# [EXERCISE DATA]
- Opening Delimiter -

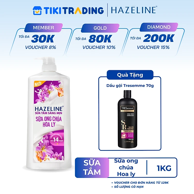 Sữa tắm dưỡng thể thiên nhiên trắng sáng da Hazeline 1KG - Sữa ong chúa hoa ly
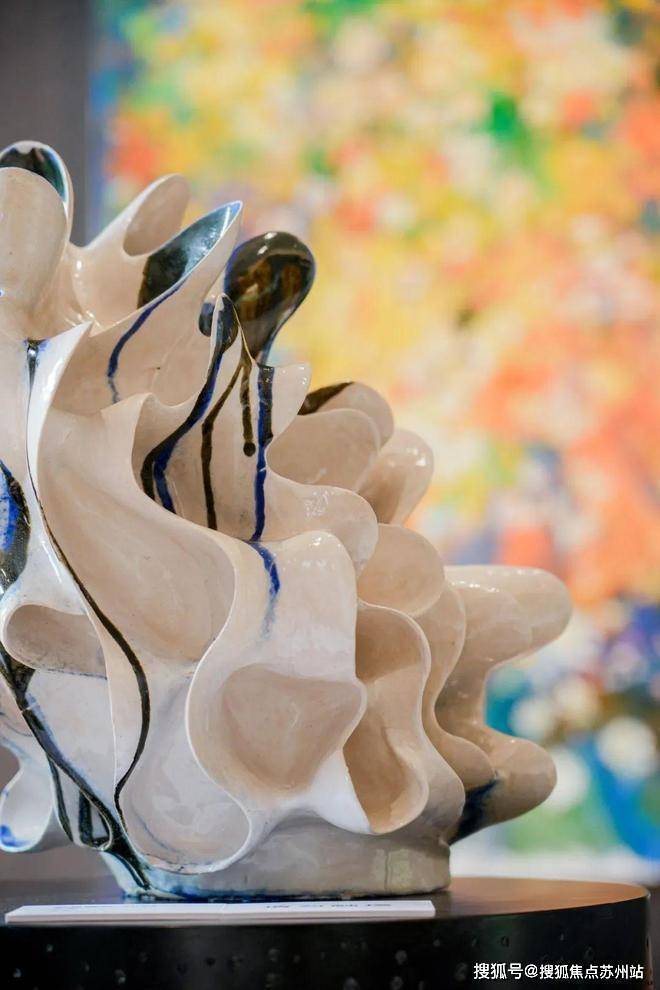 比如:根据周边美院、音乐学院等艺术人文院校汇集的艺术特色,在公区做了艺展空间。光美院老师的雕塑作品就摆了好几个,甚至还有墙上的画作,目前是有艺术家在这里举办小型展览的,未来交付之后,业主也可以根据自己的审美、特长,自由替换这些画作,邀请邻里共赏,整个小区的氛围都是高雅的。
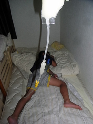 滴下スピードを測るチャンバー、 天地逆になり、空気が先端に送られてしまった。 こうなると、一度外して液を戻すなりナンなりしないと、 滴下してるかどうかもわからない。 自然滴下では栄養剤パックを低く設置する。 寝相が悪くて引っ張ると、こういうことがしばしば起こる。 |
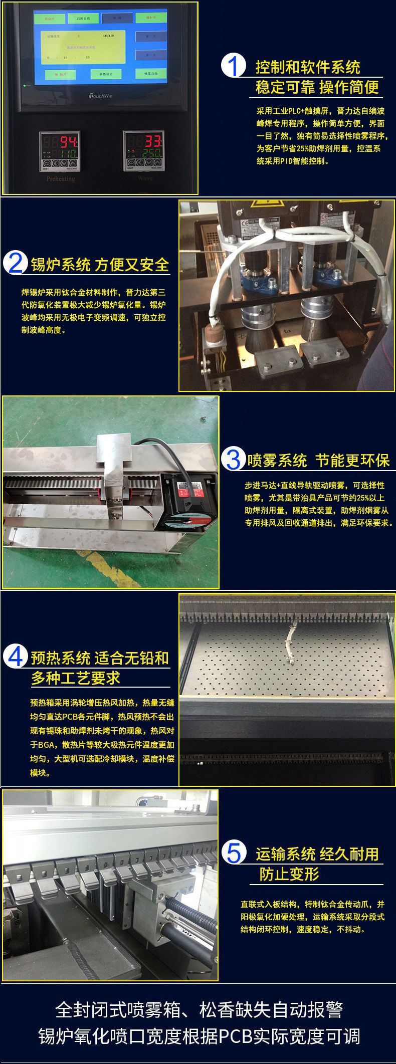 1、智能檢測系統,PCB板進入助焊劑噴霧區和錫爐焊接區,自動開始噴霧和焊接,完畢后自動停止,為客戶減少25%電能和助焊劑,錫條的用量

- Closing Delimiter -

# [REQUIRED WORK]
Please restate the material word for word; the pictures stay out.

# [THE ANSWER]
 Sữa tắm dưỡng thể thiên nhiên trắng sáng da Hazeline 1KG - Sữa ong chúa hoa ly
 比如:根据周边美院、音乐学院等艺术人文院校汇集的艺术特色,在公区做了艺展空间。光美院老师的雕塑作品就摆了好几个,甚至还有墙上的画作,目前是有艺术家在这里举办小型展览的,未来交付之后,业主也可以根据自己的审美、特长,自由替换这些画作,邀请邻里共赏,整个小区的氛围都是高雅的。
 滴下スピードを測るチャンバー、 天地逆になり、空気が先端に送られてしまった。 こうなると、一度外して液を戻すなりナンなりしないと、 滴下してるかどうかもわからない。 自然滴下では栄養剤パックを低く設置する。 寝相が悪くて引っ張ると、こういうことがしばしば起こる。 |
 1、智能檢測系統,PCB板進入助焊劑噴霧區和錫爐焊接區,自動開始噴霧和焊接,完畢后自動停止,為客戶減少25%電能和助焊劑,錫條的用量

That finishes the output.